District Court Rules CFPB’s Claims Precluded by Prior Consent Judgment
The U.S. District Court for the Southern District of Florida recently granted a partial summary judgment in favor of a national mortgage servicer, reducing the CFPB’s claims in its lawsuit alleging various servicing-related violations. The court found that nine of the CFPB’s ten claims were premised on servicing activity which allegedly occurred prior to the expiration of a three-year consent judgment previously entered in 2014 and were thus barred by claim preclusion.
The 2014 consent judgment, which went into effect in February 2014 and expired in February 2017, arose from a lawsuit brought by the CFPB and 49 states in the District Court for the District of Columbia alleging various servicing violations. The terms of the consent judgment imposed certain obligations on the servicer, including specific servicing standards and an agreement to abide by certain dispute resolution procedures for addressing any noncompliance issues.

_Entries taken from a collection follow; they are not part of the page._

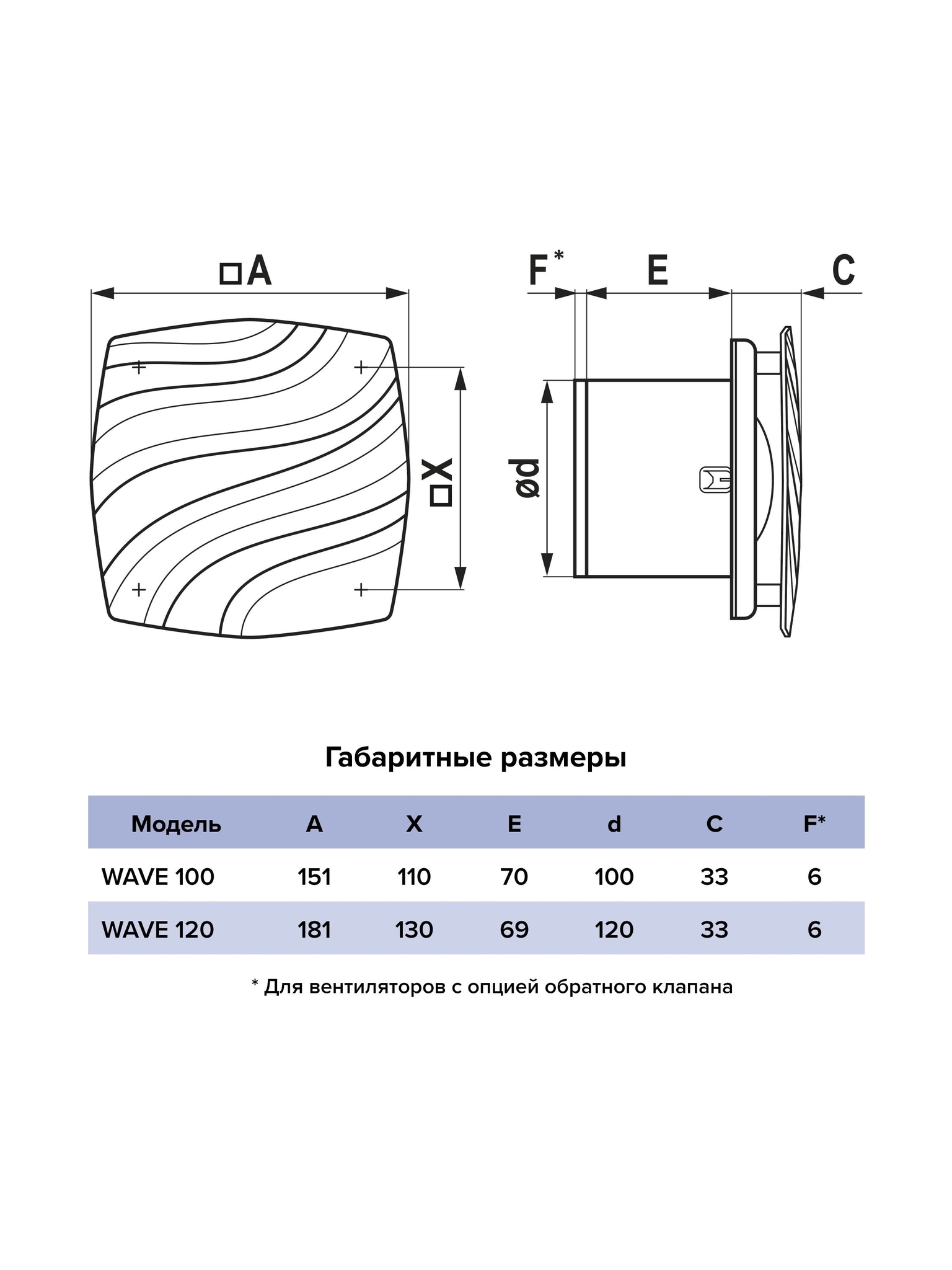 Вытяжной бытовой вентилятор WAVE применяется для постоянной и периодической вентиляции санузлов, ванных комнат, кухонь и других помещений для удаления влаги, и поддержания оптимального микроклимата. Подходит для монтажа в вентиляционные шахты и соединения с воздуховодами.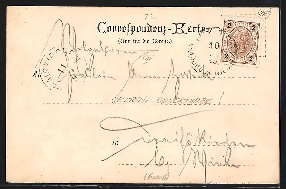 Personenbezogene Daten auf der Rückseite der Karte wurden durch blauen Textmarker unkenntlich gemacht. Die blauen Stellen sind auf die Vorderseite durchgeweicht und wirken sich negativ auf das Postkartenfoto aus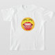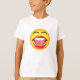 © Sunny Mars Design. Ansikte Emoji T-Shirts - coolan, humorismen, roligten, är en lustig illustration av en gult som skrattar åt ansikte emoticon emoji med stor mun, ljusa vita pärltänder, tunga och stängt ögon. Koncept för humor.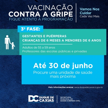 A Campanha Nacional de Vacinação contra a Gripe deverá ser encerrada na próxima terça-feira, 30 de junho. Até esta data devem ser vacinados contra a doença o público-alvo dessa terceira fase da campanha, que inclui: Adultos de 55 a 59 anos; Motoristas de transporte coletivo (apresentar crachá da empresa); Taxistas maiores de 55 anos; Grávidas e Puérpera (até 45 dias); Professores de escolas públicas e privadas e Crianças, de 6 meses a menores de 6 anos. A Secretaria Municipal de Saúde e Defesa Civil de Duque de Caxias faz um alerta para a baixa procura pela vacina contra a gripe por crianças de 6 meses e menores de 6 anos, grávidas e puérperas (até 45 dias). .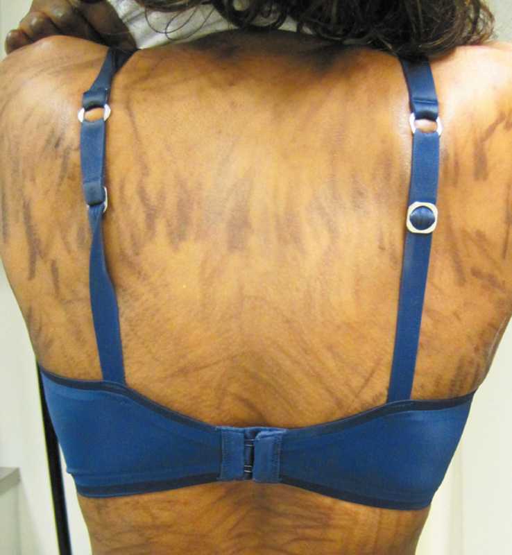 A 39-year-old woman presented with painless, nonpruritic, flagellate hyperpigmentation on her trunk, 1 week after intralesional sclerotherapy of vascular malformation of the posterior tongue.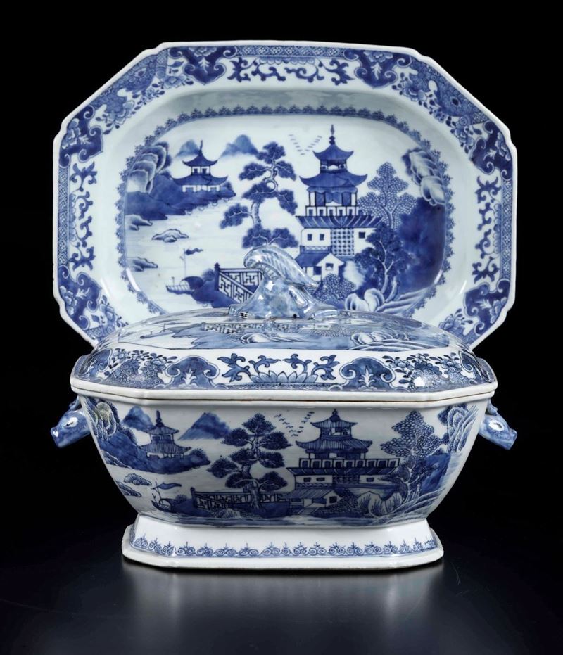Zuppiera in porcellana bianca e blu con raffigurazioni di paesaggi e decori floreali, Cina, Dinastia Qing, epoca Qianlong [..]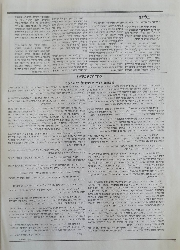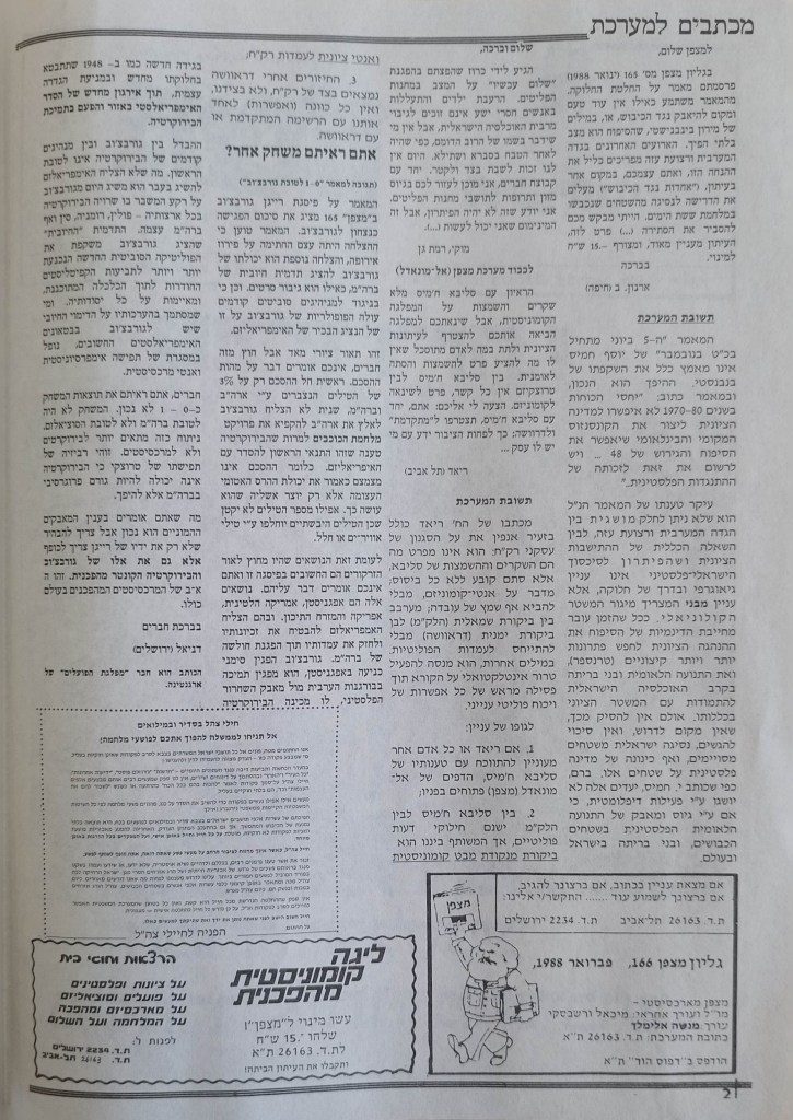 טאון הליגה הקומוניסטית המהפכנית (האינטרנציונל הרביעי) | גליון 166 | פברואר 1988 | מו"ל ועורך אחראי: מיכאל ורשבסקי | עורך: מנשה אלימלך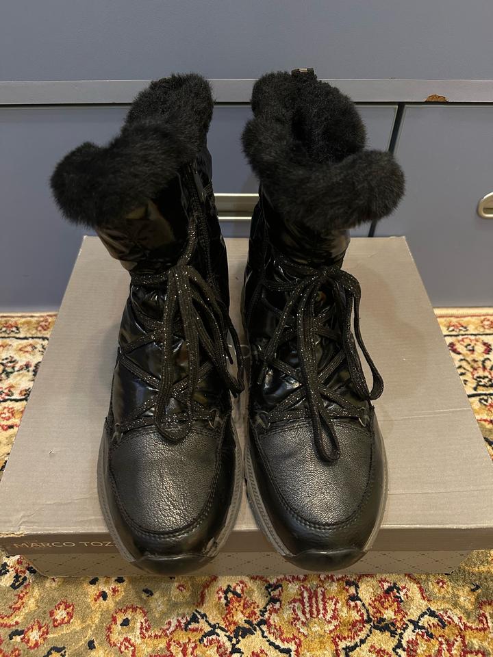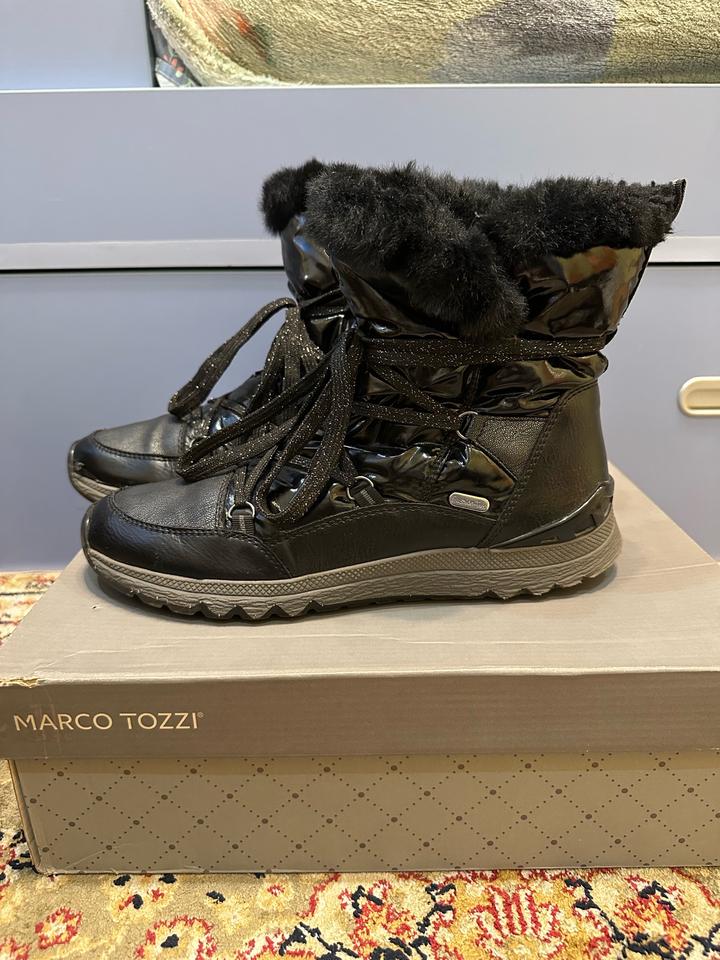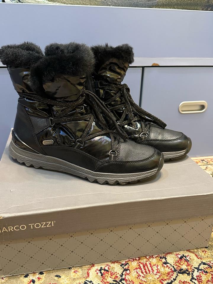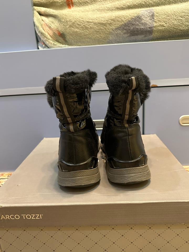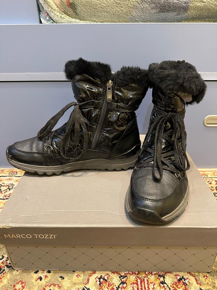 Черные зимние ботинки Macro Tozzi. Кожаные с лакированными вставками. В отличном состоянии. Артикул: 481234

The CFPB brought the current lawsuit in April 2017, alleging continuing servicing violations that originated in January 2014. The servicer filed a motion for summary judgment arguing that, under claim preclusion, a final judgment on the merits such as the 2014 consent judgment bars the parties to a prior action from re-litigating claims that were raised, or could have been raised, in the prior action. The CFPB maintained that their claims in the present case differ from those previously resolved by the 2014 consent judgment, but the court found the CFPB’s “attempts to distinguish” the two cases “artificial” when nine of ten counts alleged by the CFPB are “substantially the same” as the claims covered by the 2014 consent judgment. The court also noted that the CFPB has not identified “new matters that were not or could not have been subjected to the dispute resolution procedures and enforcement mechanism prescribed by” the 2014 judgment. In granting partial summary judgment, the court found that the CFPB’s claims in both lawsuits “plainly derive from the same nucleus of operative fact[s]” and that because the 2014 consent judgment constituted a “final judgment on the merits,” it precludes the claims in the CFPB’s present lawsuit.
The court reserved a complete ruling pending the submission of a statement from the CFPB indicating whether it intends to pursue claims for alleged servicing misconduct occurring after the expiration of the 2014 consent judgment.